__WHAT IS EXPECTED__
Write out all records as given; omit images.

__EXERCISE DATA__
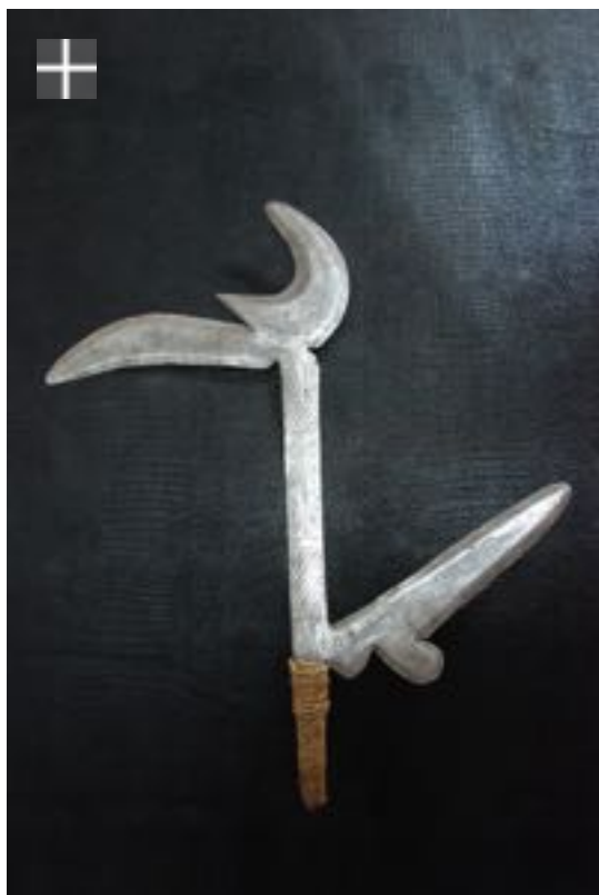
AZANDE - AVUNGARA - 1900
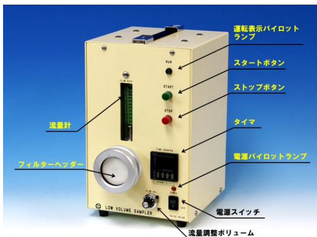
可変流量型ダストサンプラ 各機器名
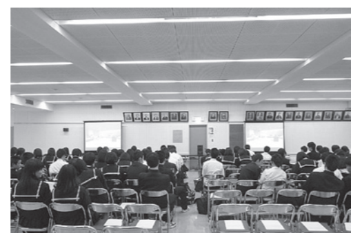
昨年のバザーの様子
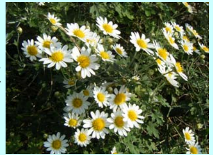
のじぎく (H25. 11. 9撮影)

11月17日(日)は里の駅 たかひら展望公園で、のじぎく祭が開催される予定です。

__RESULT OF THIS TASK__
AZANDE - AVUNGARA - 1900
可変流量型ダストサンプラ 各機器名
昨年のバザーの様子
のじぎく (H25. 11. 9撮影)

11月17日(日)は里の駅 たかひら展望公園で、のじぎく祭が開催される予定です。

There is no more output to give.